## What the task asks
Beginning with the line that holds "Product Name Fan" and ending with the last line below, repeat each line exactly, leaving any pictures out.

[Items listed in a dataset]
#####

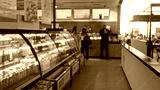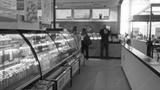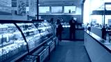 Blurred grocery aisle with defocused refrigerated display and shelving in shallow bokeh shop; background backplate copyspace calm.
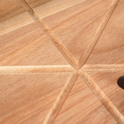 Deze elegante pizzaplank van acaciahout is ontworpen voor nauwkeurig portioneren en fraai serveren. Eén zijde heeft gefreesde geleidingsgroeven voor eenvoudig snijden in 6 gelijkmatige stukken, de andere zijde is glad en ideaal voor het serveren van kaas, vleeswaren of brood. De set bevat een scherpe roestvrijstalen snijder met houten handvat voor een schone, soepele snede.
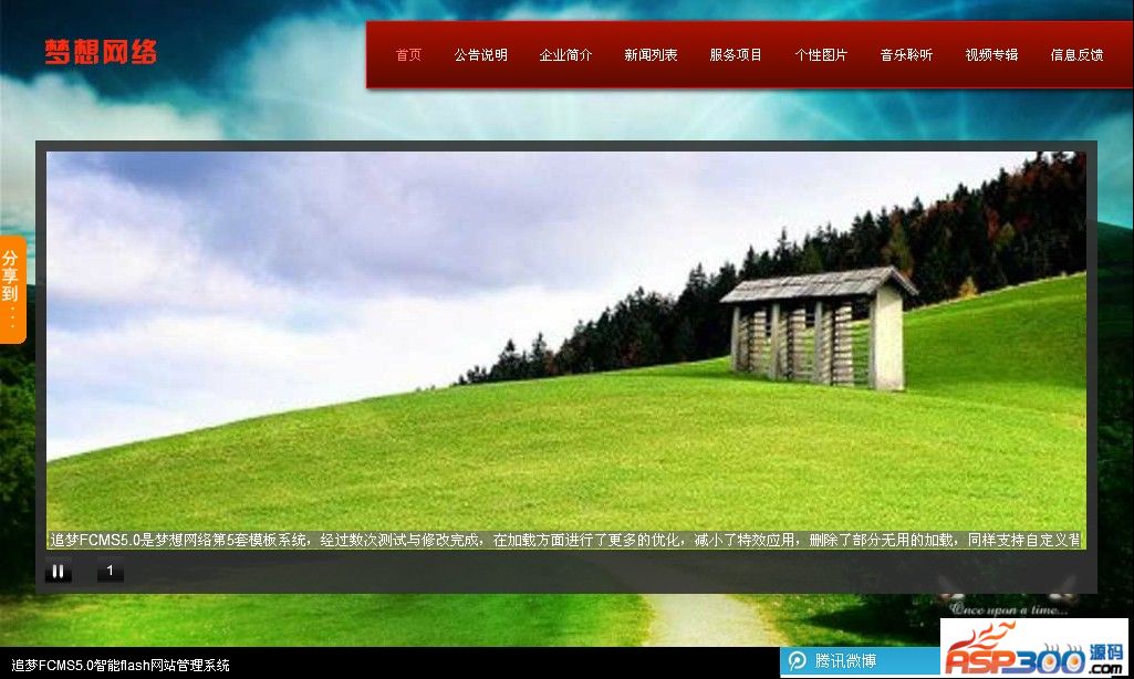 追梦FCMS5.1是梦想网络第5套模板系统,为5.0升级版,追梦系列每一套模板都经过多次筛选,每一款模板都尽量完美,追梦5系列保留了网站音频,相册,新闻等主要模板,用户无需编辑flash,只需通过后台页面添加数据即可,5系列模板,运行于ASP空间,采用的全屏100%覆盖技术可以屏蔽部分免费空间的广告!
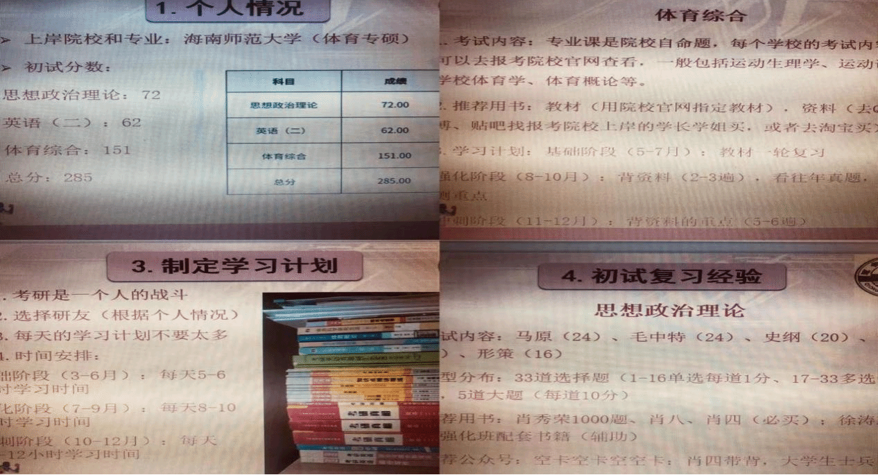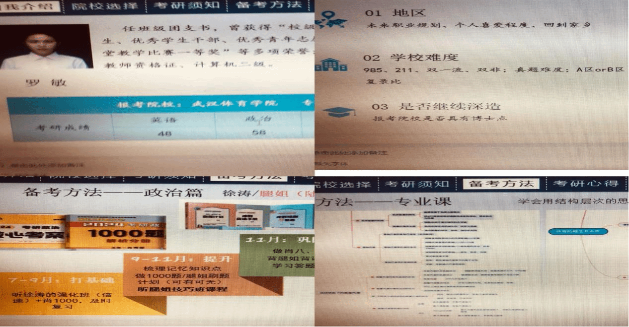 第一个发言的是成功考入武汉体育学院的罗敏同学,她从自我介绍、院校选择、考研须知、备考过程、考研心得五个方面给大家带来满满的干货。
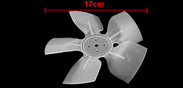Product Name Fan Blade Type 5 Blades Fan Diameter 17cm/6.7" Shaft Hole Dia 7mm/0.28" Small Hole Dia 3.5mm/0.14" Diagonal Hole Center Distance 25mm/1" Parallel Hole Center Distance 18mm/0.7" Fan Thickness 1.4mm/0.055" Material Plastic Color White Net Weight 23g Package Content 1 x Fan Blade - Reviews
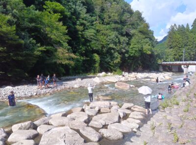 昨日からオオサンショウウオの研究者様が、コテージ前を流れる深谷川に来られてます。
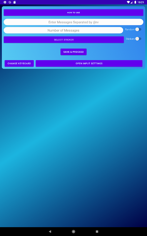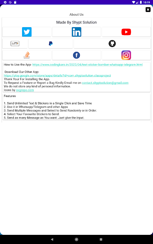 Send Unlimited Text and Messages on Whatsapp, Telegram & etc. with a single Click. Type the message you want to send or select the stickers you want to send and just set the number of messages to be send and you are all done. With a single click now you can send non stop messages to anyone of your friends and prank them.
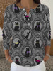 Women's Elegant Black Cat Frame Print Henley Sweater

#####

## Task solution
Product Name Fan Blade Type 5 Blades Fan Diameter 17cm/6.7" Shaft Hole Dia 7mm/0.28" Small Hole Dia 3.5mm/0.14" Diagonal Hole Center Distance 25mm/1" Parallel Hole Center Distance 18mm/0.7" Fan Thickness 1.4mm/0.055" Material Plastic Color White Net Weight 23g Package Content 1 x Fan Blade - Reviews
 昨日からオオサンショウウオの研究者様が、コテージ前を流れる深谷川に来られてます。
 Send Unlimited Text and Messages on Whatsapp, Telegram & etc. with a single Click. Type the message you want to send or select the stickers you want to send and just set the number of messages to be send and you are all done. With a single click now you can send non stop messages to anyone of your friends and prank them.
 Women's Elegant Black Cat Frame Print Henley Sweater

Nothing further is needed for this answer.